- Exercise inputs:
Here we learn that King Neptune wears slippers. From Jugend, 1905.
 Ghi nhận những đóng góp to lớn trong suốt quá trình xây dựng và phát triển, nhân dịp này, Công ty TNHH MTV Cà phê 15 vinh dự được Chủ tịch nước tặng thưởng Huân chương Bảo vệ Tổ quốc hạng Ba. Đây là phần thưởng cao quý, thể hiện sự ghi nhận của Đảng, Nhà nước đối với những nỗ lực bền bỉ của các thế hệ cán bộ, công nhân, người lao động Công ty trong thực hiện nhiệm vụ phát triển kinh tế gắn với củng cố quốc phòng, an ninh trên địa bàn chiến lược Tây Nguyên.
==
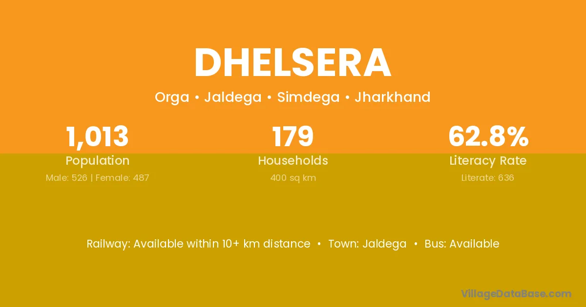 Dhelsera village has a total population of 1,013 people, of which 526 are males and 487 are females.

- Task details: Everything above from the line containing "Here we learn" down to the line containing "Ghi nhận những" is to be transcribed exactly, with both of those lines included and nothing else added.

- Written response:
Here we learn that King Neptune wears slippers. From Jugend, 1905.
 Ghi nhận những đóng góp to lớn trong suốt quá trình xây dựng và phát triển, nhân dịp này, Công ty TNHH MTV Cà phê 15 vinh dự được Chủ tịch nước tặng thưởng Huân chương Bảo vệ Tổ quốc hạng Ba. Đây là phần thưởng cao quý, thể hiện sự ghi nhận của Đảng, Nhà nước đối với những nỗ lực bền bỉ của các thế hệ cán bộ, công nhân, người lao động Công ty trong thực hiện nhiệm vụ phát triển kinh tế gắn với củng cố quốc phòng, an ninh trên địa bàn chiến lược Tây Nguyên.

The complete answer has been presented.